*Exercise:* In the listing that follows, retype every line from the first through the one containing "In terms of". Pictures are to be left out.

*Data block:*
....

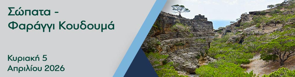Κυριακή 5 Απριλίου 2026 Το φαράγγι του Κουδουμά είναι ένα από τα ομορφότερα φαράγγια του νησιού μας. Κατάφυτο, με θέα που κόβει …
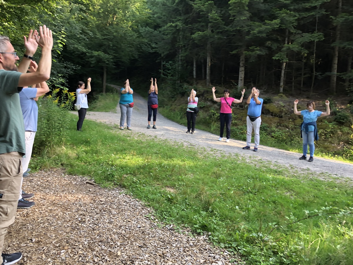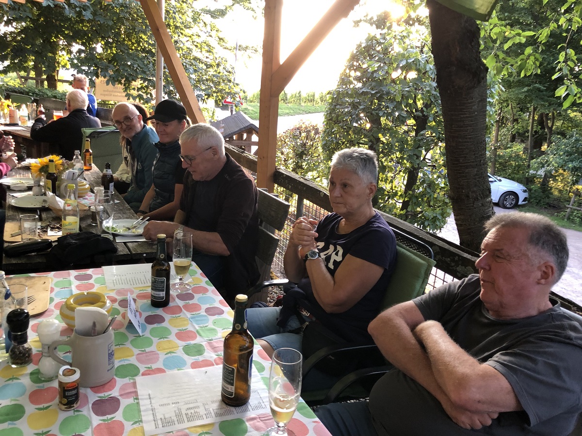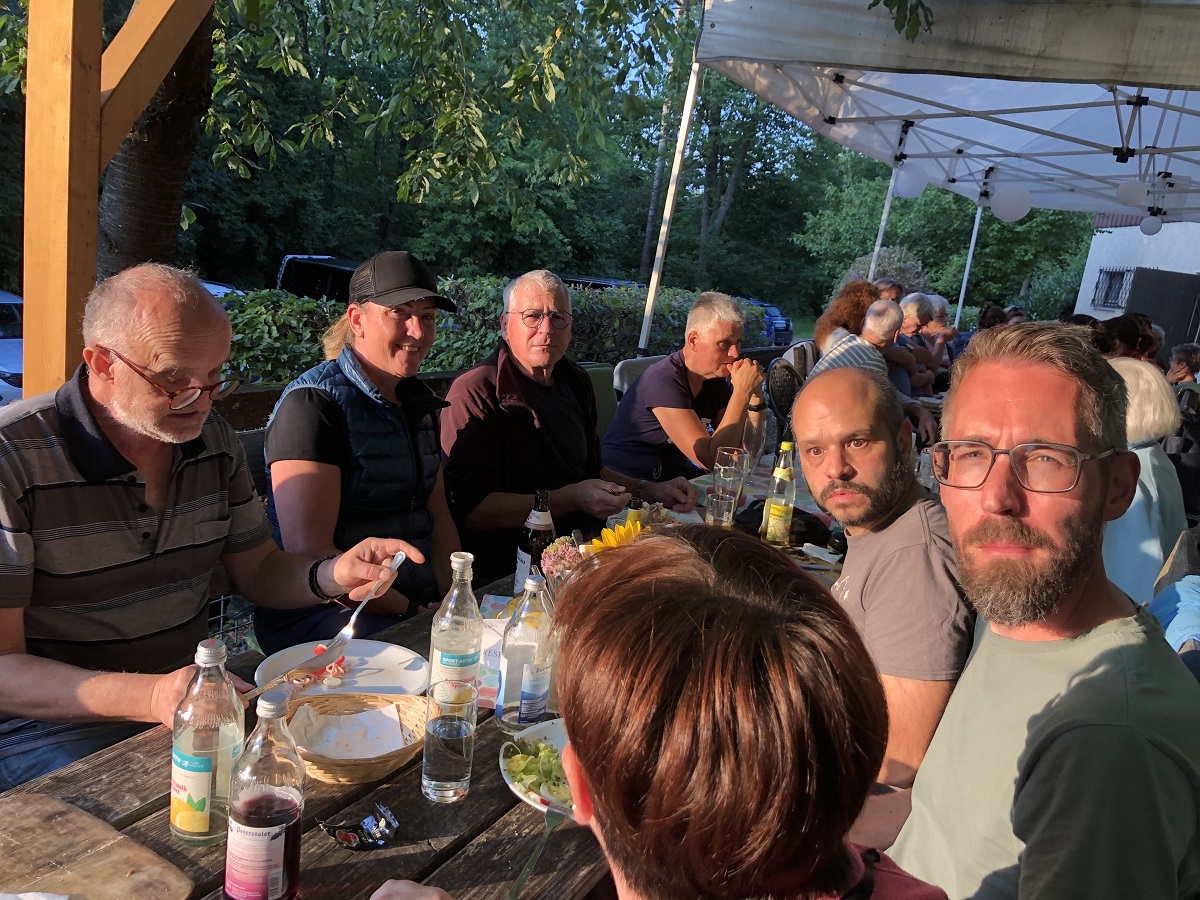 Traditionell trafen sich die Sportlerinnen und Sportler aus den drei Mittwoch-Pilates-Gruppen im Zeller Wald bei der Wolfsgrube. Der sportliche Teil war eine Runde auf dem Trimm-Dich-Pfad mit einigen Stopps für Pilates Übungen im Stehen. Den anschließenden geselligen Teil genossen wir auf der Terrasse der Wolfsgrube. Bei herrlichem Wetter, grandioser Aussicht ins Rheintal, toller Stimmung und Unterhaltung klang der Abend bei einem schmackhaften Vesper aus.
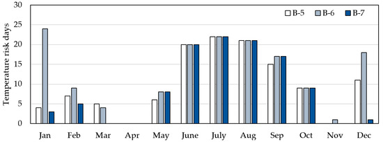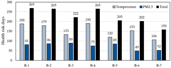 In terms of temperature risk days (Figure 9 and Figure 10), B-6 is significantly higher than B-5 and B-7, while B-5 has the highest PM2.5 risk days (Figure 11 and Figure 12). This result indicates that the threshold control of window opening is effective. Compared with B-1, the most effective B-7 can reduce the PM2.5 risk days by about 35.8%, from 81 days to 52 days and decrease the temperature risk days by 43.6%, from 188 days to 106 days.
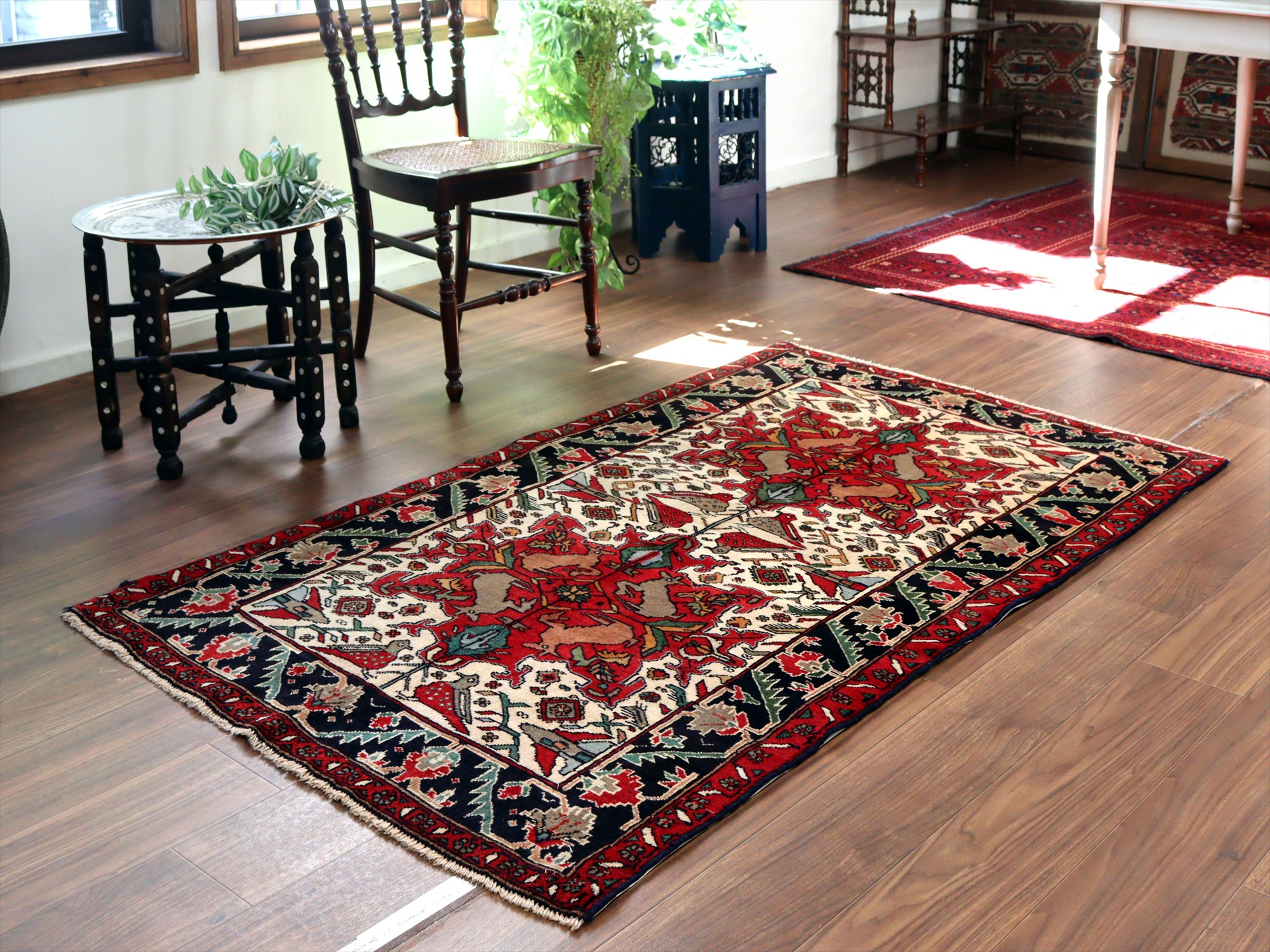 - イランの手織り絨毯 バルーチ171×99cm 動物と花 トライバルラグ

....

*Answer to this task:*
Κυριακή 5 Απριλίου 2026 Το φαράγγι του Κουδουμά είναι ένα από τα ομορφότερα φαράγγια του νησιού μας. Κατάφυτο, με θέα που κόβει …
 Traditionell trafen sich die Sportlerinnen und Sportler aus den drei Mittwoch-Pilates-Gruppen im Zeller Wald bei der Wolfsgrube. Der sportliche Teil war eine Runde auf dem Trimm-Dich-Pfad mit einigen Stopps für Pilates Übungen im Stehen. Den anschließenden geselligen Teil genossen wir auf der Terrasse der Wolfsgrube. Bei herrlichem Wetter, grandioser Aussicht ins Rheintal, toller Stimmung und Unterhaltung klang der Abend bei einem schmackhaften Vesper aus.
 In terms of temperature risk days (Figure 9 and Figure 10), B-6 is significantly higher than B-5 and B-7, while B-5 has the highest PM2.5 risk days (Figure 11 and Figure 12). This result indicates that the threshold control of window opening is effective. Compared with B-1, the most effective B-7 can reduce the PM2.5 risk days by about 35.8%, from 81 days to 52 days and decrease the temperature risk days by 43.6%, from 188 days to 106 days.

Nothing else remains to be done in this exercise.